For nearly 65 years children of all ages have treasured the lovable gang featured in the “Peanuts” comic strip. Now, Charlie Brown, Snoopy, Linus, Woodstock, Lucy, and the rest of the gang are headed to the big screen, thanks to 20th Century Fox Animation.


The gang from one of the world’s most beloved comic strips.

In Development
Blue Sky Studios announced the film through a “Peanuts” Movie Press Release. Details are still being released; so far we know the project will be directed by Steve Martino (“Ice Age: Continental Drift,” “Dr. Seuss’ Horton Hears a Who!”) and he will shoot from a script by Charles M. Schulz Creative Associates.
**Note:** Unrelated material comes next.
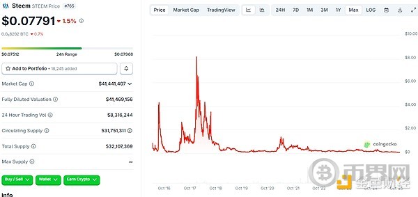 2017 年 3 月,技术核心人员 Daniel Larimer 退出了Steemit,使其技术开发变慢(在离开Steemit后,BM投身于EOS项目)。且Steemit 可以吸引大量用户的原因在于其代币奖励机制,在2018年1月创下历史高点逾8美元之后,不断下跌,截至发稿仅为0.07791美元,难再吸引用户目光。另外,面对后起之秀Farcaster、Friend.tech等的竞争,Steemit再度回天乏术。
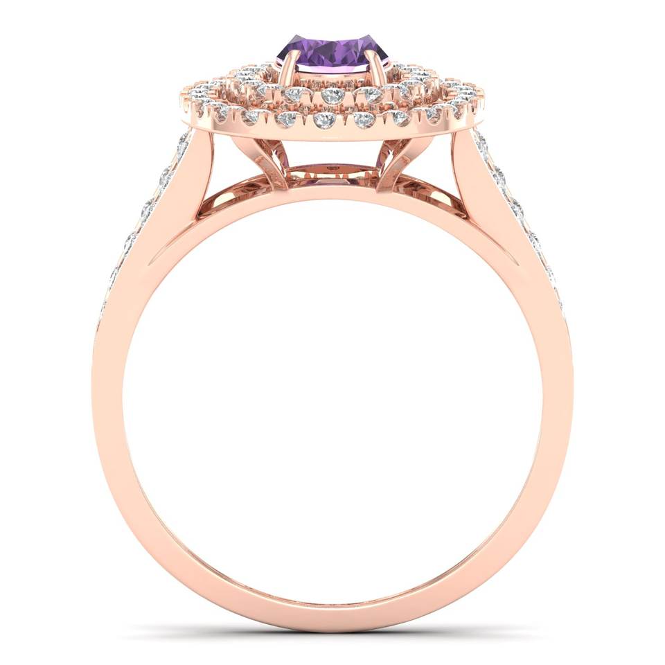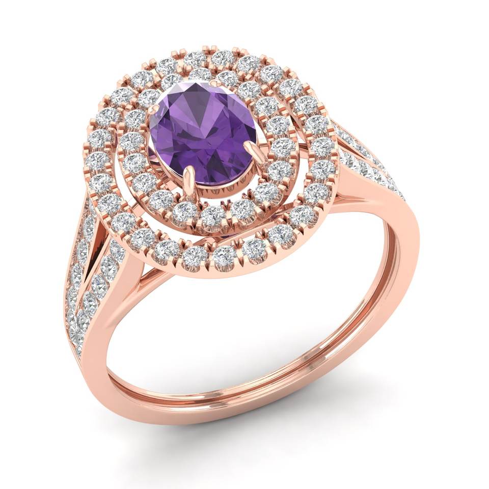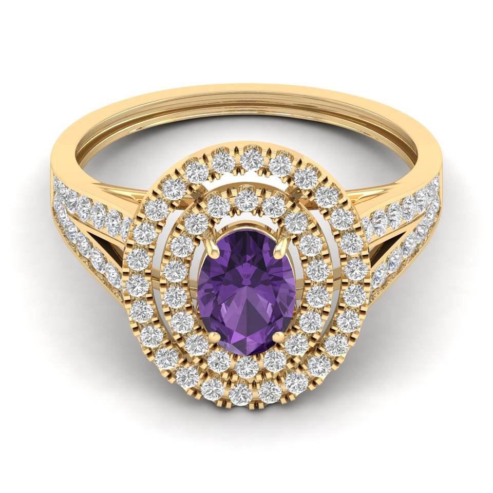 REYES Handmade 14K Solid Gold Diamond Engagement Halo Rings Oval Cut 0.75 Carat Amethyst Gemstone Fine Jewelry For Women

The film will mark the first time the “Peanuts” gang will be showcased in a full-length film as 3D characters. Craig Schulz, the son of the late Charles M. Schulz, is President of Charles M. Schulz Creative Associates and working with 20th Century Fox on the movie. “We have been working on this project for years,” he said. “We finally felt the time was right and the technology is where we need it to be to create this film. I am thrilled we will be partnering with Blue Sky/Fox to create a ‘Peanuts’ movie.”


When the comic strip first appeared (the early 1950s), the characters—and their problems—were much simpler.

“Peanuts” and Its Impact
It may be difficult for today’s youth to understand just how much impact “Peanuts” once had on American pop culture. At its peak, “Peanuts” was everywhere.

At one time the comic strip was read by 355 million daily readers (in 75 countries). Then there are the classic holiday television specials—especially 1965’s “A Charlie Brown Christmas” (soon to be celebrating its own 50th anniversary) and 1966’s “It’s the Great Pumpkin, Charlie Brown.” Both TV specials became enduring classics and today seeing them is considered a rite of passage and a “must see” each holiday season.


 In theory, the starring character in “Peanuts” is everyman Charlie Brown…

Add to that, the popular “Peanuts” Broadway musicals, ice-skating shows and all types of “Peanuts” merchandise, like toys, calendars, books…and “Peanuts” became a billion-dollar marketing empire way before anyone had ever heard of Spongebob Squarepants…and this was back in the days when a billion was a truly astronomical amount of money.

The 65th Anniversary of “Peanuts”
The 2015 “Peanuts” project will mark the 65th anniversary of the debut of the “Peanuts” comic strip and the 50th anniversary of the landmark television special, “A Charlie Brown Christmas.” The first movie, “A Boy Named Charlie Brown,” was a major 1969 success and caught the massive wave of popularity that surrounded “Peanuts” during the 1960s and 1970s. The movie franchise carried on with varying success during three sequels: “Snoopy Come Home” (1972), “Race For Your Life, Charlie Brown” (1977) and “Bon Voyage, Charlie Brown (And Don’t Come Back!!!” (1980).


…in reality, however, the star of “Peanuts” has always been Charlie’s pet dog, Snoopy, here assuming the role of a WWI fighter ace atop his airplane (cough)–uh, doghouse.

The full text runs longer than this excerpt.